Goldberg, a 28-year CBS correspondent who left the network last year, has done a service by telling insider stories out of school. He describes the bias inherent in ensuring, on the one hand, that minorities do not look bad and, on the other, not showing too many minorities, because doing so might hurt ratings. But he is at his strongest in outlining the sensitivity of the media toward criticism directed at it. An industry that treasures whistleblowers from any other trade, isolates and seeks to expel any such in its own business (which is what happened to Goldberg).

The book makes a strong case that liberal media bias led to a remarkable increase in reporting on homelessness under Presidents Reagan and Bush, followed by its magical disappearance under President Clinton and its sudden (within weeks) reappearance under President George W. Bush.
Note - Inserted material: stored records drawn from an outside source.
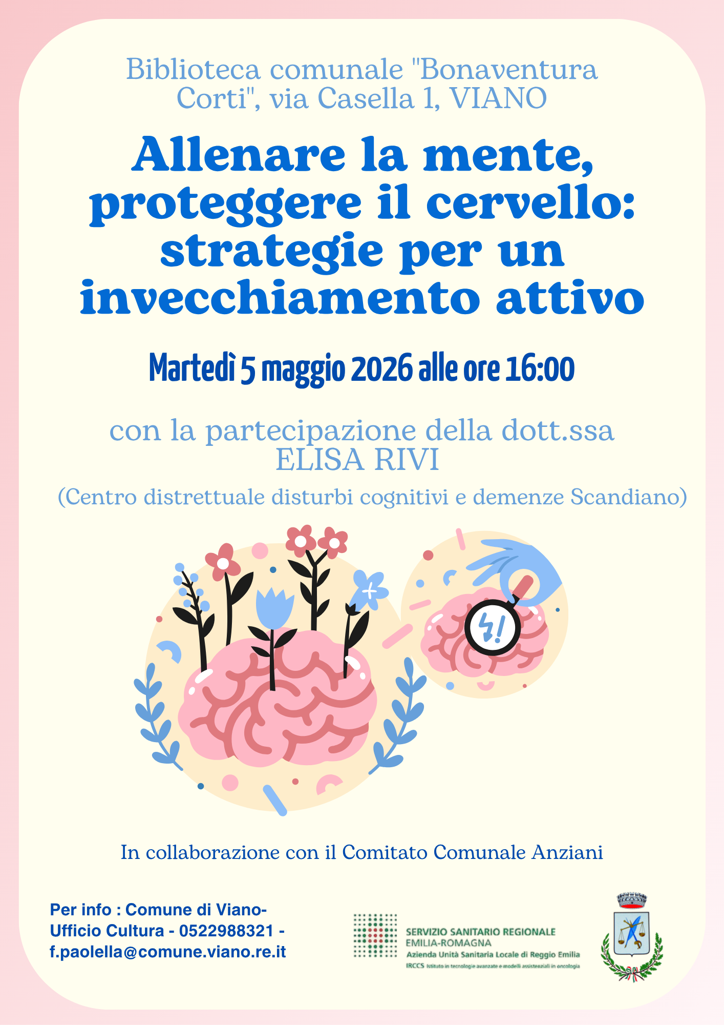 Martedi' 05/05 alle ore 16.00 presso la Biblioteca di Viano in Via Casella 1 incontro con la Dott.ssa Elisa Rivi (Centro distrettuale disturbi cognitivi e demenze di Scandiano) .
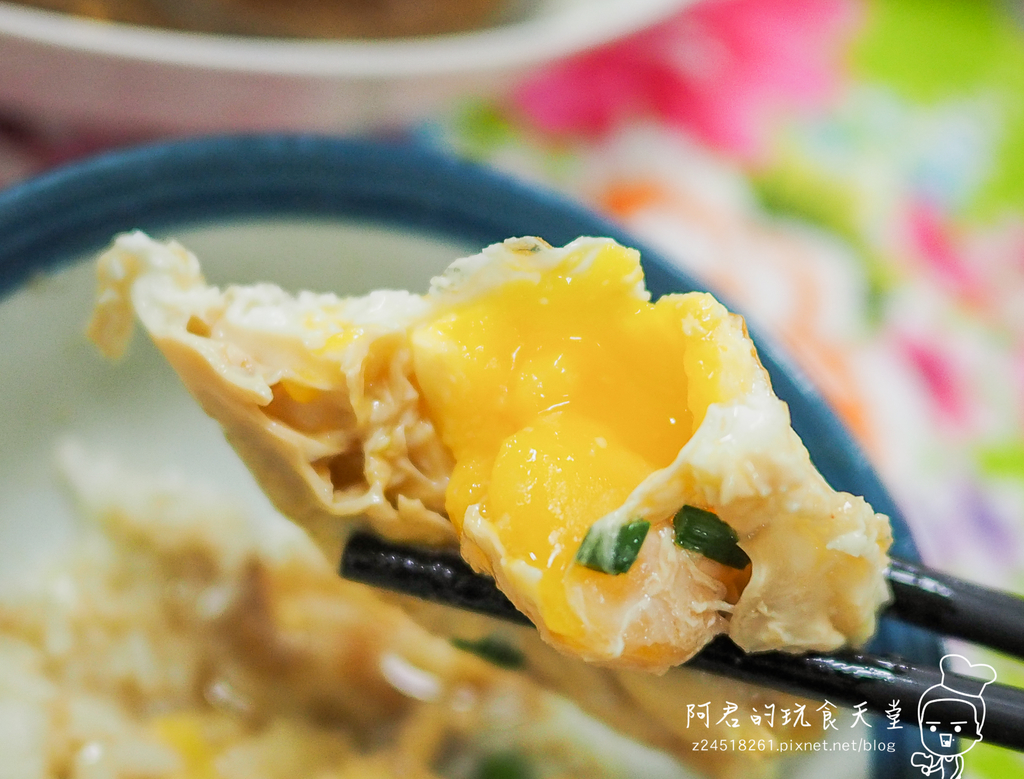 阿婆的水蛋,這個蛋好特別,是用煎的半熟蛋,接著泡在醬汁裡頭,切一塊放在飯上面之後,戳破它,加點醬汁,配飯吃一整個美味。
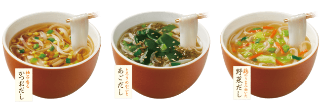 「和だしを味わうお米のめん」シリーズとして、3種類の味を発売する。かつお節、椎茸の効いた味わい深いだしに柚子が香る『和だしを味わうお米のめん 柚子香るかつおだし5食』、磯の香りが楽しめるあごだしに、めかぶとわかめが入った『和だしを味わうお米のめん とろりめかぶとあごだし5食』、キャベツの甘みに鶏のうまみとごぼうの香りが効いた野菜だしの『和だしを味わうお米のめん 鶏のうまみ効いた野菜だし5食』の3品だ。
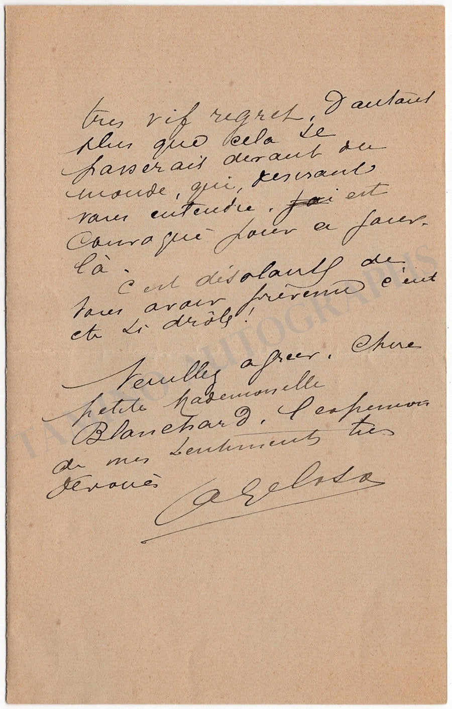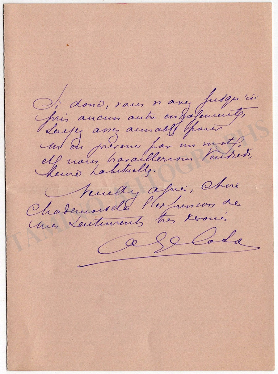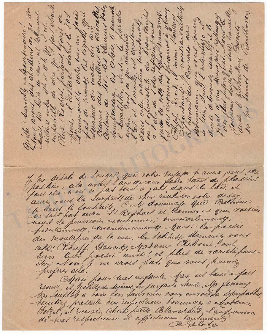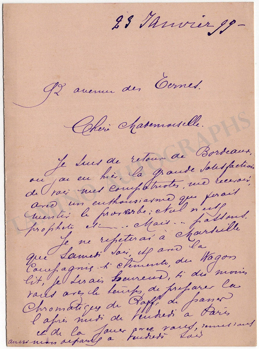 Lot of five autograph letters in French (untranslated) signed by him, dated between 1899 and 1900. Letters are addressed to musicians such as Mademoiselle Blanchard and concern rehearsals of music pieces of Joachim Raff and Mozart, upcoming trips, and other private matters.
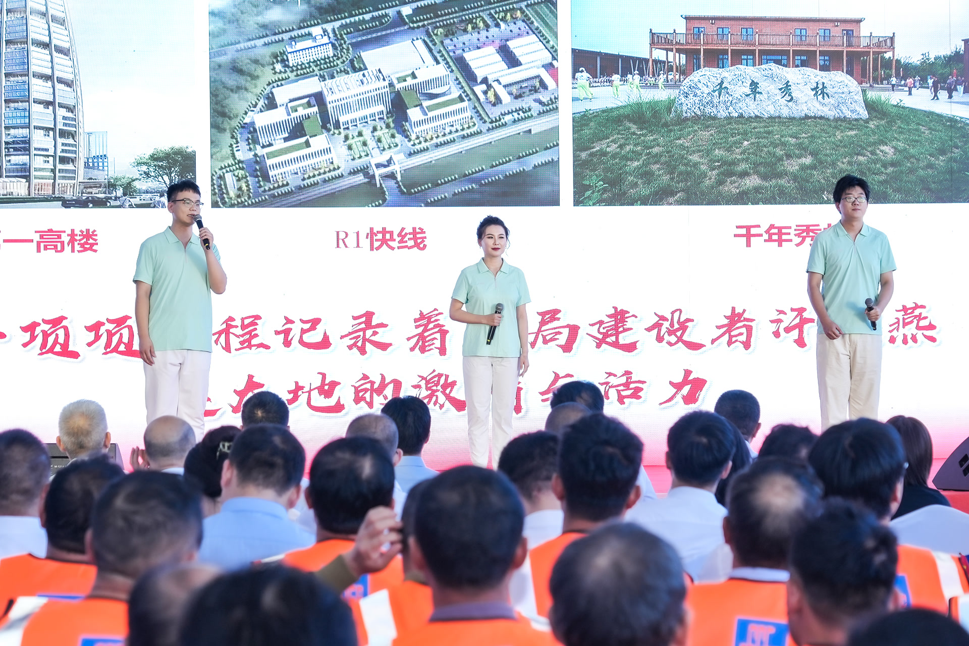 现场,乐器伴奏朗诵《建设新中国 永远跟党走》、合唱《你胸前的奖章告诉我》涌动着员工激情活力。三公司职工护航双奥事迹分享,讲述了中建职工的“奥林匹克”故事;中建二局十佳职业道德模范唐华宣讲“小而美”的暖心工程故事,彰显中建二局“守初心,建人民满意工程”的理念。
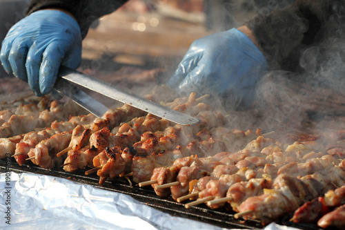 Kebab on wooden skewers on grill. Shashlik or shashlyk – meat skewers on grill outside. Shish kebab on a barbecue. Roast meat on BBQ. Selective focus through smoke.
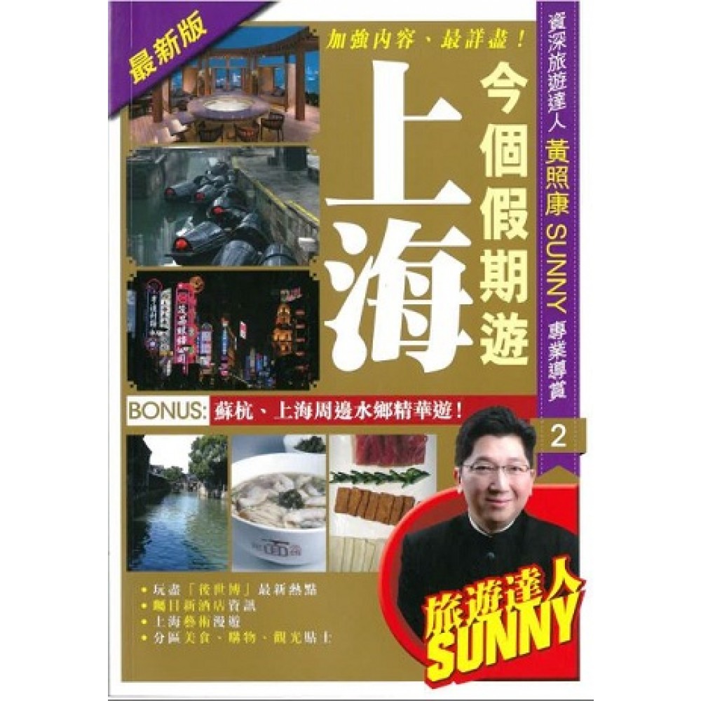 上海為我國名城、經商重鎮,是國內有數的現代大都會,也是最國際化的城市,旅遊業蓬勃發達,在繁華摩登的面貌背後,又蘊涵著千姿百彩的深厚的海派歷史和文化,確是引人入勝。資深旅遊從業員兼專業培訓導師黃照康Sunny精選了上海各區的不同食買看玩遊點,詳細介紹,分享親身體驗和實用貼士。Sunny的旅遊書內容豐富、資料詳盡、富有個人風格而不失其實用價值,以美食部分的「Sunny推介」乃精選中的精選;讀者可參考其品評按圖索驥,印證美味。
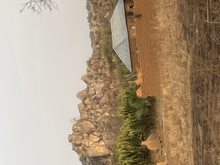 A building with a gray metal roof is situated on a hillside. The exterior walls appear to be constructed from an earthen material. Adjacent to the building, a rocky hillside rises with sparse vegetation. Dry grass and other foliage surround the building and extend into the foreground. The sky is overcast with a layer of haze or fog obscuring the background.
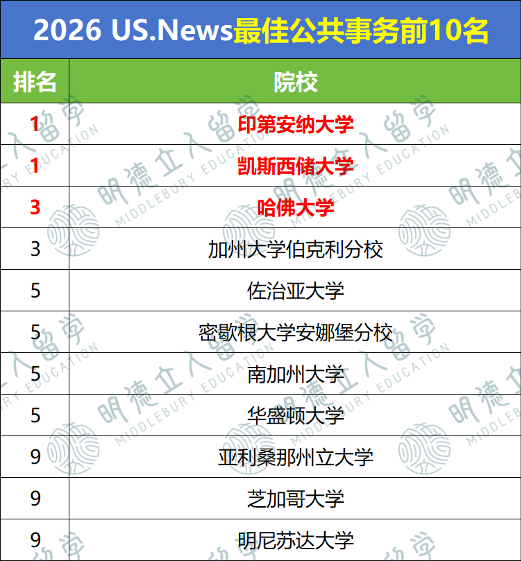 - 佐治亚大学、密歇根、南加大、华盛顿大学并列第五,相比去年竞争更为密集;
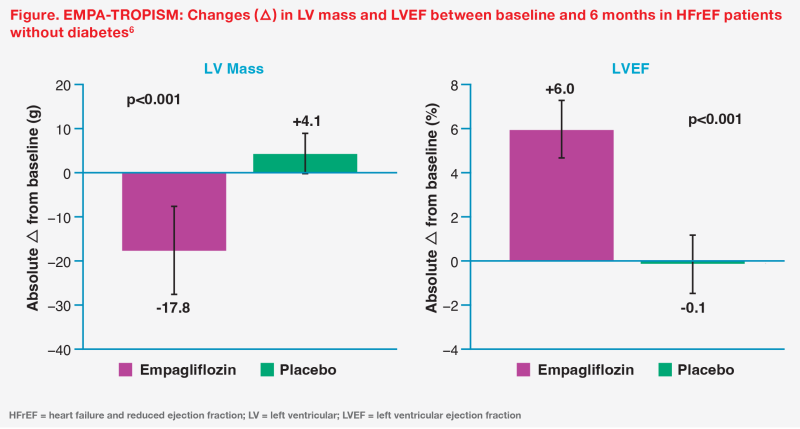 The improvement in the patient’s LVEF may be explained by empagliflozin’s potential in reversing cardiac remodelling. In the EMPA-TROPISM trial involving nondiabetic patients with HFrEF, empagliflozin reduced LV mass (-17.8 vs 4.1 g; p<0.001) and improved LVEF (+6 vs -0.1 percent; p<0.001) vs placebo by month 6, as determined by cardiac magnetic resonance. These findings indicate a beneficial effect on LV remodelling.6 (Figure)
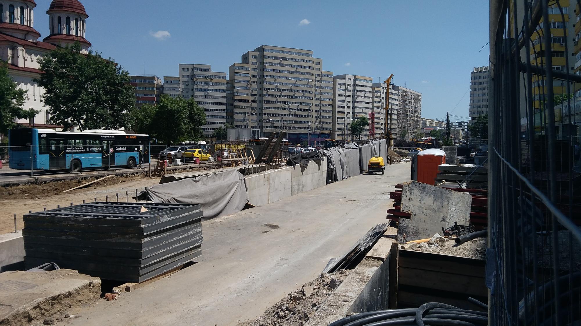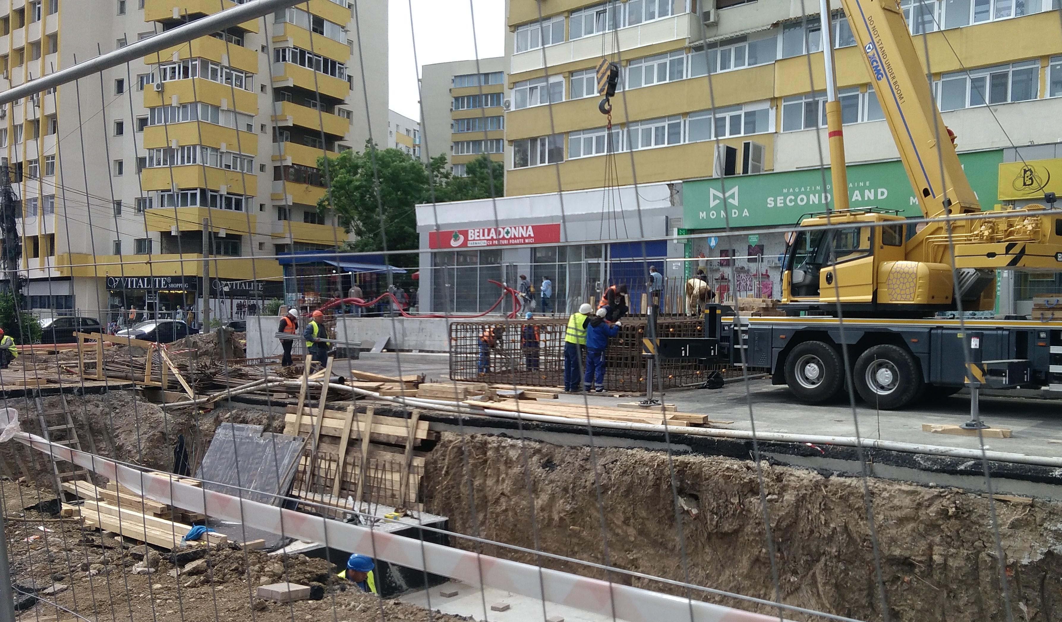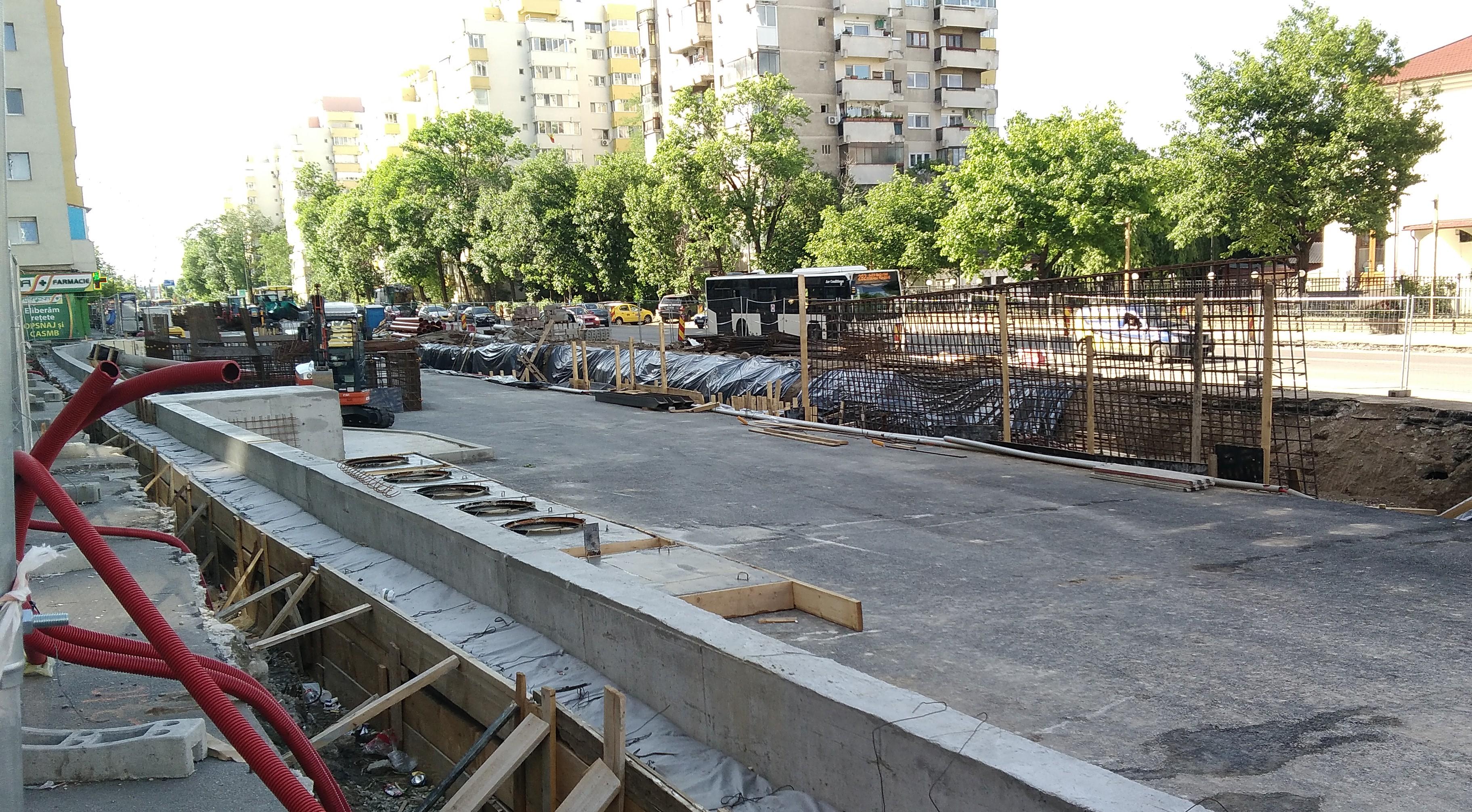 Au inceput sa armeze ai fundatiile zidului stang al rampei dinspre Tei. La rampa dinspre Delfinului este creionata in portocaliu pe asfalt pozitia culeei.
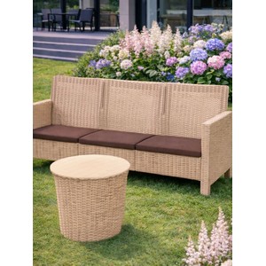 Комплект 2 садовых кресла, трехместный диван и столик под ротанг СадКо (бежевый с коричневыми подушками)
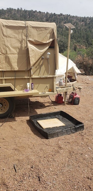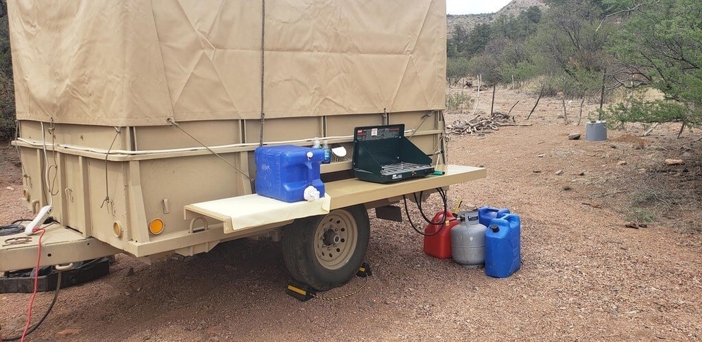 Custom Prospecting & Camping Off-Road Trailer Built from a 1.5-ton Army trailer and purpose-converted for off-grid prospecting and camping, this titled rig is fully outfitted and ready to roll. Army Trailer Conversion & All Components Listed for Sale • 1.5 Ton Custom Army Trailer Conversion to Prospecting/Camping Trailer - Titled • New 7,000 lb axle, springs, electric brakes, and 10 ply tires •Interior sides lined with 3/4" MDO plywood •Locking Device for Trailer and Receiver Hitch •100 Gallon Water Storage Tank •Hot Water on Demand Propane Heater with 5 Gal./Min. Water Pump
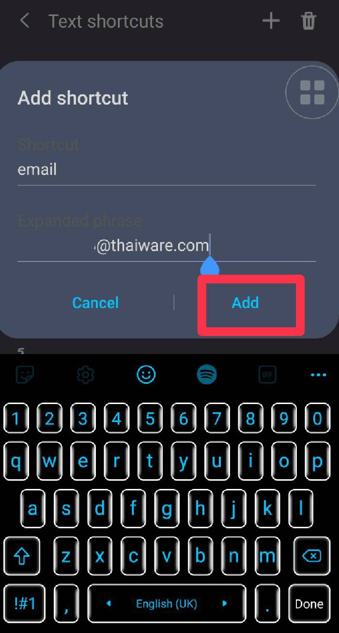 สำหรับการใช้งาน Text Shortcuts บน Android (ทั้งที่ใช้งาน GBoard และ Samsung Keyboard) เองก็คล้ายกับการใช้ Text Replacement ใน iOS เพราะผู้ใช้สามารถแตะใช้งาน Shortcuts ที่สร้างไว้บริเวณแถบด้านบนได้เลย

Goldberg also cites Ben Wattenberg’s observation that 59 percent of reporters thought the “Contract with America” was an “election year gimmick,” while only 3 percent thought it was “serious.” That might have been fair during the election. But even after 70 percent of the Contract was enacted into law, the media continued to report that it had been abandoned. So, despite the first comprehensive welfare reform in 68 years, the first tax cuts in 17 years, the first increase in defense spending in more than a decade, the first four consecutive balanced budgets since the 1920s, we still had not, according to media observations, accomplished anything.

Goldberg quotes Peter Jennings on the 1994 election results: “Some thoughts on those angry voters. Ask parents of any two- year-old and they can tell you about those temper tantrums. . . . Imagine a nation full of uncontrolled two-year-old rage. The voters had a temper tantrum last week.” Now there’s an impartial analysis of an election in which nine million more Americans voted Republican than in 1990 (the largest one-party off-year increase in American history). Jennings was at least open in his contempt for what we were doing. The hard thing to deal with in so many of his colleagues is their pretense of professionalism.

One of the news channels or networks ought to give Goldberg a half hour every week to explore bias in the media. It would be a lively program. If he were as aggressive and risk-taking on air as he is in this book, it would be a very provocative show.